28. An apparatus comprising:

an eye camera to capture eye image data including one or more images of an eye of a user;

a scene camera to capture scene image data including one or more images of an environment including the user; and

a processor to:

determine an eye parameter of a user based on the eye image data;

generate a spatiotemporal selection based on the eye parameter of the user; and

apply the spatiotemporal selection to the scene image data during the acquisition of the scene image data by the scene camera, transmission of the scene image data from the scene camera to the processor, or evaluation of the scene image data by the processor.

29. The apparatus of claim 28, wherein the processor is to apply the spatiotemporal selection to the scene image data by treating a first part of the scene image data specified by the spatiotemporal selection in a first predefinable manner and treating a second part of the scene image data not specified by the spatiotemporal selection in a second predefinable manner.

30. The apparatus of claim 28, wherein the processor is to treat the second part of the scene image data in the second predefinable manner by compressing or downsampling the second part of the scene image data as compared to the first part of the scene image data treated in the first predefinable manner.

31. The apparatus of claim 28, wherein the processor is to treat the second part of the scene image data in the second predefinable manner by not acquiring the second part of the scene image data, not transmitting the second part of the scene image data, or not evaluating the second part of the scene image data.

32. The apparatus of claim 28, wherein the eye parameter includes a point of regard of the user and the spatiotemporal selection includes selection of a first area of the scene image data surrounding the point of regard of the user.

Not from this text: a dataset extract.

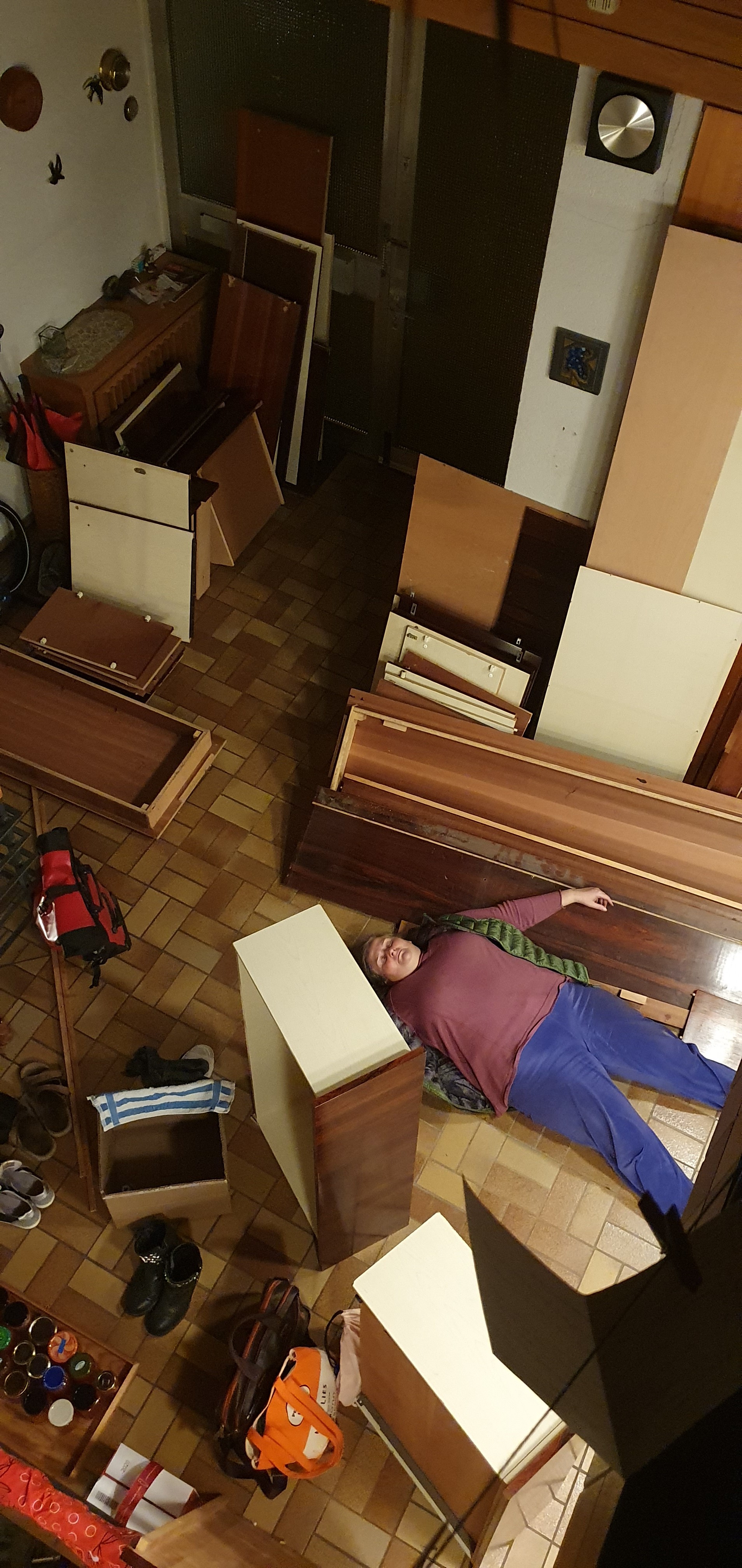 On top of everything else we had to demolish disassemble the wall unit in the play room in the cellar. It used to be in Astrid’s dad’s office and was a real beast. I got to use the screwdriver and stuff and Astrid did much of the carrying…

33. The apparatus of claim 28, wherein the eye parameter includes classification of eye movement of the user as a fixation, a saccade, or a blink and the spatiotemporal selection includes selection of times when the eye movement of the user is classified as a fixation.

34. A non-transitory computer-readable medium having instructions encoded thereon which, when executed, cause a processor to perform operations comprising:

determining an eye parameter of a user;

35. The non-transitory medium of claim 34, wherein applying the spatiotemporal selection includes compressing or downsampling the second part of the scene image data as compared to the first part of the scene image data treated in the first predefinable manner.

36. The non-transitory medium of claim 34, wherein applying the spatiotemporal selection includes not acquiring the second part of the scene image data, not transmitting the second part of the scene image data, or not evaluating the second part of the scene image data.

37. The non-transitory medium of claim 34, wherein the eye parameter includes a point of regard of the user and the spatiotemporal selection includes selection of a first area of the scene image data surrounding the point of regard of the user.